ROYAL COLLEGE OF ARTでの展示とレクチャー
ロンドンでは、テロへの警戒など何も感じられない、いつもの街の様子にほっとしながら、ロイヤル・カレッジ・オブ・アートの会場での、あわただしい展示作業。天井に張った糸に掛けられた布たちは、空気の動きで緩やかに揺れ、殺風景な白壁に繊細な影を落としています。ここでもまた、染織専攻の学生たちや、先生方が大勢集まり、専門的な質問があがりました。撚りをかけていない繊維の組み合わせから生まれるシボの表情や、黄色い野蚕の持つ色をそのまま布にした輝くような光沢に、彼らの興味は尽きないようでした。

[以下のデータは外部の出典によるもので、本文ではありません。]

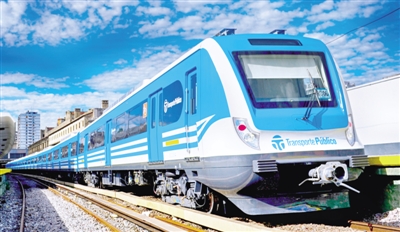 下图 中国出口量最大的城际动车组首批车辆7月21日在阿根廷投入运营。这批动车组由南车四方研制,首批投入运营的动车组共6列、54辆,在阿根廷布宜诺斯艾利斯的萨缅托线运行。阿根廷的萨缅托线全长约38公里,主要服务于布宜诺斯艾利斯市中心至卫星城市的10个区域。图为投入使用的城际动车组。 新华社发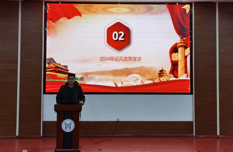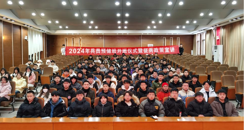 为进一步加强征兵宣传力度,普及征兵政策,鼓励有志青年踊跃参军入伍,12月15日下午,老王论坛 2024年兵员预储班开班仪式暨征兵政策宣讲会在理工馆学术报告厅成功举办,学院武装部李雲啸老师、刘武辉老师,戎程研究会全体成员与2024年兵员预储班成员100余人参加,活动由武装部张爽老师主持。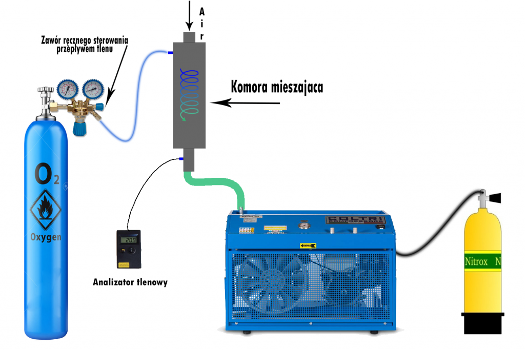 - The continuous mix method is used to prepare nitrox mixtures, among other methods. This method allows for the production of nitrox mixtures up to 40% O2 using a standard compressor. This method involves adding pure oxygen to the air drawn in by the compressor. The added oxygen and air are mixed before entering the compressor in a mixing chamber, also known as a nitrox stick, to achieve a homogeneous mixture. At the exit of the mixing chamber, the mixed gas is continuously analyzed by an oxygen analyzer connected to the system. The analyzer’s readings are the basis for manual regulation of the oxygen flow into the mixing chamber. Manual regulation is performed using a knob on the oxygen regulator connected to the oxygen cylinder.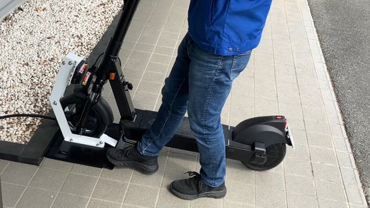 本製品は、従来の電動キックボードと異なり、専用のワイヤレス充電ステーションに置くだけで簡単に充電が可能です。さらに、Qi規格のワイヤレス充電機能を搭載し、スマートフォンの充電も可能となっています。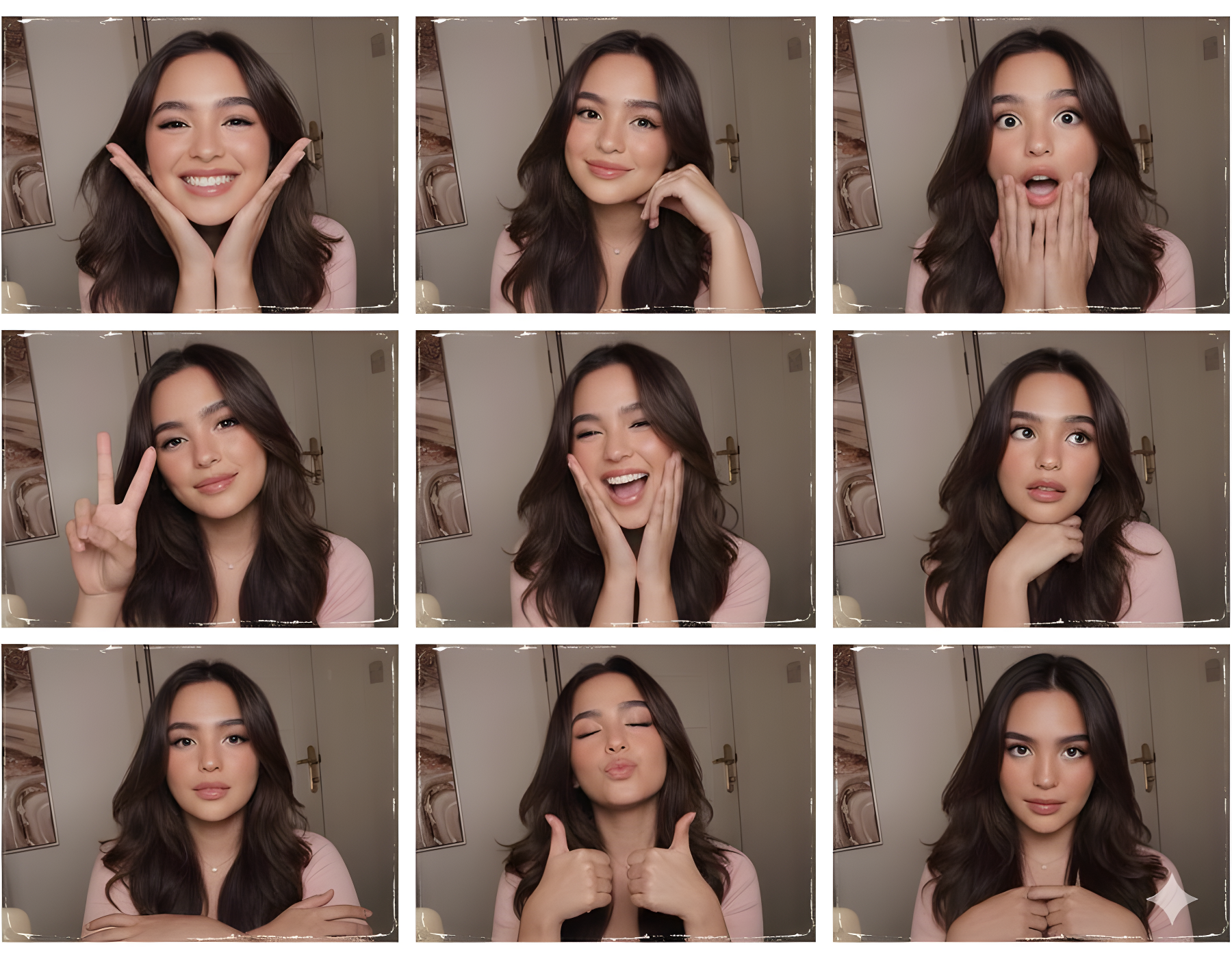 CopyUsing this photo, create a 3x3 photo booth grid with each image featuring different poses and expressions, no duplicates allowed.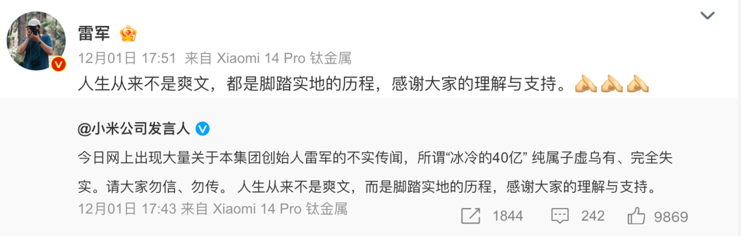 随后小米公司发言人和雷军在微博表示:「今日网上出现大量关于本集团创始人雷军的不实传闻,所谓“冰冷的40亿” 纯属子虚乌有、完全失实。请大家勿信、勿传。 人生从来不是爽文,而是脚踏实地的历程,感谢大家的理解与支持。」从金山到天使投资人,再到创办小米,确实都是一步步走来。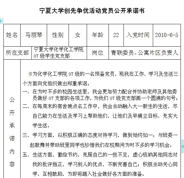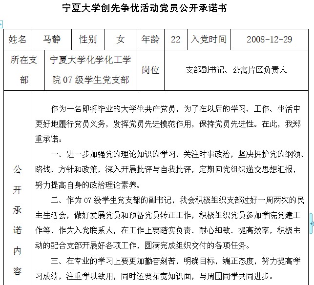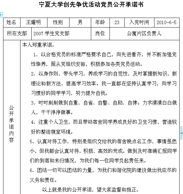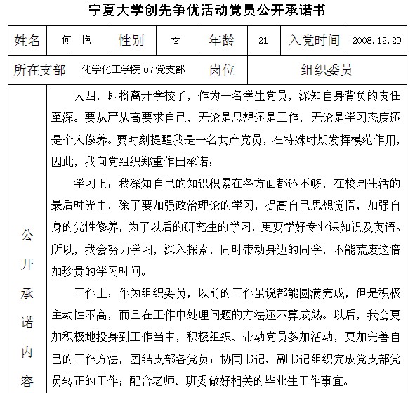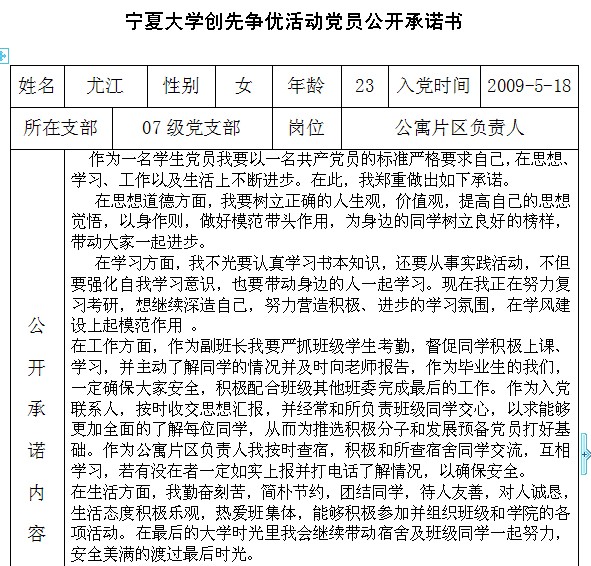 宁夏大学创先争优活动党员公开承诺书(2007级党支部)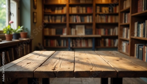 Vintage old Wooden Table in Cozy Library Setting with Blurred Bookshelf in Background for Rustic and Classic Interior Design,Table With Copy Space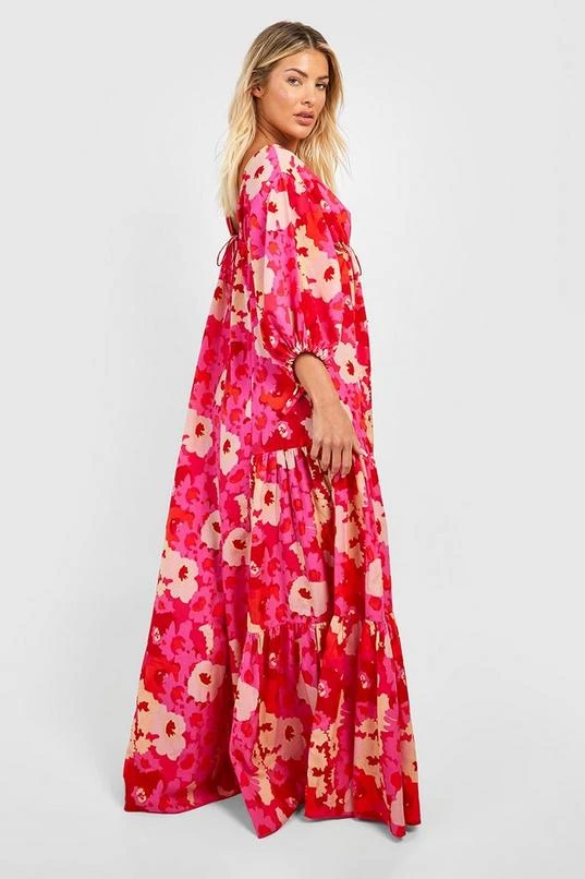 BOOHOO Woven Floral Print Puff Sleeve Maxi Dress

染織担当教授は、学生たちが作業を続けている機のある工房や染め場を案内して下さり、上原さんによるワークショップの実現にも強い関心を持たれたようでした。
おわりに・・・
日本の染織は、手織り、機械織りを問わず、世界に注目されていることを感じる旅でした。絹の道の終着点にある日本が、糸と布の高い文化を育んできたことは間違いありません。産業としてはひところの元気は失われていますが、新しい技法や感覚で、再び輝きをとりもどすという希望を捨てないことが、何より大切なのではないだろうかと感じました。
今回の事業は、ささやかな試みではありましたが、草の根交流の種をひと粒、蒔けたかもしれません。援助をいただいた財団に、深く感謝いたします。